SUPPLIED MATERIAL:
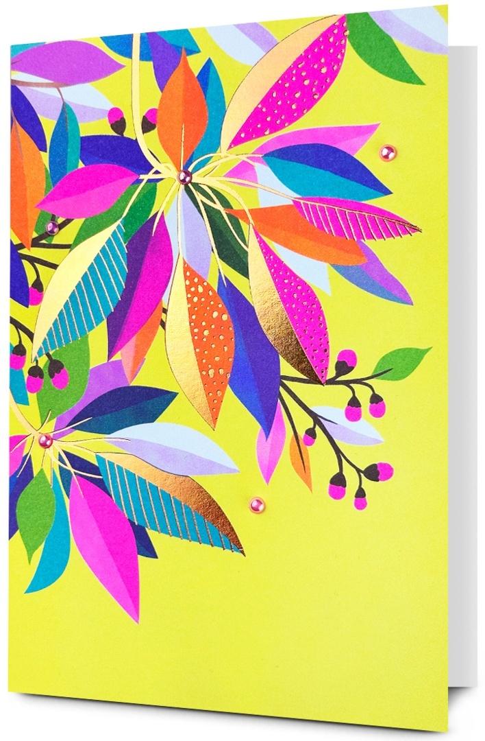 Kartka jest bogato i różnorodnie zdobiona (zależnie od wzoru: metaliczna folia, lakier perłowy,
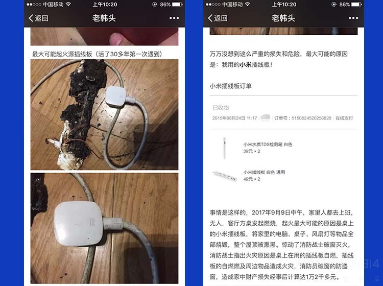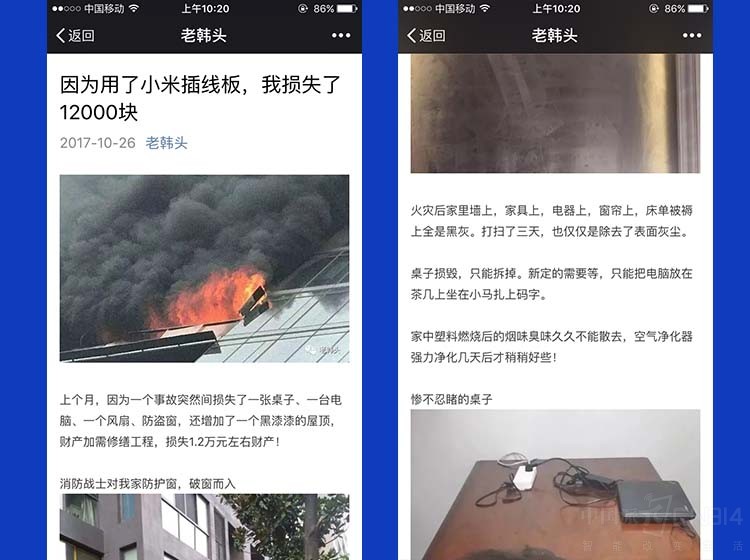 【CN314智能生活】小米又双叒叕自燃了,这次不是手机而是插线板,据当事人称直接损失达一万二。其实这件事已经发生了一个多月,但是因为小米售后一直没有给出合理的解释,只愿意拿出几千元抚恤金,不承认小米插线板有问题,才被当事人传到自媒体平台。
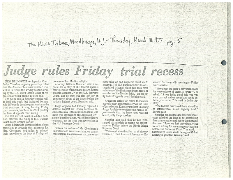 An article from The News Tribune about the question of Friday recesses asked for by the defense because of the Muslim faith of Assata Shakur (JoAnne Chesimard), who was on trial for the 1973 killing of a state trooper. The question has been a feature of the trial and the defense, prosecution, and judge continue to argue over it.
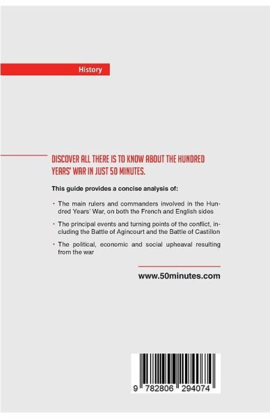 Keen to learn but short on time? Get to grips with the events of the Hundred Years¿ War in next to no time with this concise guide. 50Minutes.com provides a clear and engaging analysis of the Hundred Years¿ War. One of the longest direct conflicts between two countries, the Hundred Years¿ War marked the culmination of tensions between the French and English over territory and the claim to the throne in France. The war, which saw the appearance of new military tactics and led to the development of strong national identities in both countries, is widely considered to be one of the most important conflicts of the Middle Ages. In just 50 minutes you will: ¿ Learn about the main rulers and commanders involved in the Hundred Years¿ War, on both the French and English sides ¿ Understand the principal events and turning points of the conflict, including the Battle of Agincourt and the Battle of Castillon ¿ Find out about the political, economic and social upheaval resulting from the war ABOUT 50MINUTES.COM History & Culture 50MINUTES.COM will enable you to quickly understand the main events, people, conflicts and discoveries from world history that have shaped the world we live in today. Our publications present the key information on a wide variety of topics in a quick and accessible way that is guaranteed to save you time on your journey of discovery.
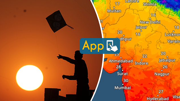 Split image with a picture of a supermoon on the left, weather radar of India on the right.

EXERCISE DIRECTIONS:
What is needed is an exact restatement of every line from the line containing "Keen to learn" through the last line of the records, minus any pictures.

PROBLEM SOLUTION:
 Keen to learn but short on time? Get to grips with the events of the Hundred Years¿ War in next to no time with this concise guide. 50Minutes.com provides a clear and engaging analysis of the Hundred Years¿ War. One of the longest direct conflicts between two countries, the Hundred Years¿ War marked the culmination of tensions between the French and English over territory and the claim to the throne in France. The war, which saw the appearance of new military tactics and led to the development of strong national identities in both countries, is widely considered to be one of the most important conflicts of the Middle Ages. In just 50 minutes you will: ¿ Learn about the main rulers and commanders involved in the Hundred Years¿ War, on both the French and English sides ¿ Understand the principal events and turning points of the conflict, including the Battle of Agincourt and the Battle of Castillon ¿ Find out about the political, economic and social upheaval resulting from the war ABOUT 50MINUTES.COM History & Culture 50MINUTES.COM will enable you to quickly understand the main events, people, conflicts and discoveries from world history that have shaped the world we live in today. Our publications present the key information on a wide variety of topics in a quick and accessible way that is guaranteed to save you time on your journey of discovery.
 Split image with a picture of a supermoon on the left, weather radar of India on the right.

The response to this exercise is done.